# Lower Bound for Active Learning in Bandits via Le Cam's method

**Summary:** *We introduce LeCam’s method for obtaining minimax lower bounds for statistical estimation
problems, which proceeds by relating the probabililty of error of a binary hypothesis testing problem to the total-variation distance between the two distributions. Then, as a novel application, we use this technique to derive lower bound on the problem of
active learning in bandits which shows the near optimality of the existing algorithms
due to Antos et al. (2008) and Carpentier et al. (2011).*

Consider the following setting:

- Suppose $\mathcal{P}$ denotes a class of probability distributions,
- $(\mathcal{D}, d)$ is a metric space
^{1}, - $\theta: \mathcal{P} \mapsto \mathcal{D}$ represents some $\mathcal{D}$-valued functional,
- $\mathcal{D}_1, \mathcal{D}_2$ represent two disjoint and $2\delta$ separated subsets of $\mathcal{D}$, for some $\delta>0$,
- $\mathcal{P}_i = \theta^{-1}(\mathcal{D}_i )$ for $i=1,2$ are non-empty disjoint subsets of $\mathcal{P}$.

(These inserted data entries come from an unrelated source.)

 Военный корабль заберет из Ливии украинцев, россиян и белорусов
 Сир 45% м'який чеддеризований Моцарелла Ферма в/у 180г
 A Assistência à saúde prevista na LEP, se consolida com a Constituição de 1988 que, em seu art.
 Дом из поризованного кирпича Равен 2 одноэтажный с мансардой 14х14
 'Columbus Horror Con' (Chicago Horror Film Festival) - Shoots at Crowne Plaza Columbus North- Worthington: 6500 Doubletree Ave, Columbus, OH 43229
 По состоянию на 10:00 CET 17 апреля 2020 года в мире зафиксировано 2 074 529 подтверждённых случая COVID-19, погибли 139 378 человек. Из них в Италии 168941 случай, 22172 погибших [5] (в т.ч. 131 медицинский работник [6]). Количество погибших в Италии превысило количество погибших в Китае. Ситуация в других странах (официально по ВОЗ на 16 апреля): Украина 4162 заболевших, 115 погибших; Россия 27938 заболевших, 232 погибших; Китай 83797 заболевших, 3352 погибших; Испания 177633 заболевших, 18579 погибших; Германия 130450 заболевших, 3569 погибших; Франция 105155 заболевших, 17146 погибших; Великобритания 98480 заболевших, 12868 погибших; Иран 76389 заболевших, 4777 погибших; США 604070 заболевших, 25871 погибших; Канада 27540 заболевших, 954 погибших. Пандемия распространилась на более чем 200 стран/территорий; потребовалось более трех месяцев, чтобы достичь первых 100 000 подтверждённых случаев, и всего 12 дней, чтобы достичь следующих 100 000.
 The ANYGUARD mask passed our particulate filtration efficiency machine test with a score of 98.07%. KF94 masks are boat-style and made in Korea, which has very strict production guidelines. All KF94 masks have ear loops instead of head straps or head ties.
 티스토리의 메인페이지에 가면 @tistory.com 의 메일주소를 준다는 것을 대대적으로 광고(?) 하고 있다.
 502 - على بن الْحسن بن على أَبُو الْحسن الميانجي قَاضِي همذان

Suppose we are given a sample $X \sim P$ taking values in some set $\mathcal{X}$ for $P \in \mathcal{P}$, and let $\hat{\theta}: \mathcal{X} \mapsto \mathcal{D}$ denote an estimator of $\theta(P)$. Then for any estimator $\hat{\theta}$ we can obtain the following lower bound on the maximum expected error:

Lemma 1 (Le Cam).With the definitions introduced above, we have $$ \sup_{P \in \mathcal{P}} \mathbb{E}_P \left[ d \left( \hat{\theta}, , \theta(P) \right) \right] \geq \delta \max_{P_i \in \mathcal{P}_i} \left(1 - d_{TV}\left(P_1, P_2 \right) \right). $$

In the above display, $d_{TV}$ denotes the total variation distance between two distributions, defined as $d_{TV}(P, Q) = \sup_{E } P(E) - Q(E)$ where the supremum is over all measurable sets $E$. The result above implies that the minmax lower bound for a particular estimation problem is large if there exist two distributions $P_1$ and $P_2$ which (i) are ‘well-separated’ in terms of the $d-$metric, and (ii) are statistically ‘close’ in terms of $d_{TV}(\cdot, \cdot)$. Due to their opposing nature, obtaining the best lower bound requires finding the right balance between these two requirements.

The statement of the above result and its proof are based on the statement and proof of Lemma~1 in (Yu, 1997)^{2}.

#### Proof of the Lemma

First, we select arbitrary $P_i \in \mathcal{P}_i$ for $i=1,2$ and lower-bound the supremum over all $P \in \mathcal{P}$ with a simple average over these two distributions.

$$
\sup_{P \in \mathcal{P}}\;\mathbb{E}_P \left[ d \left( \hat{\theta}, , \theta(P) \right) \right]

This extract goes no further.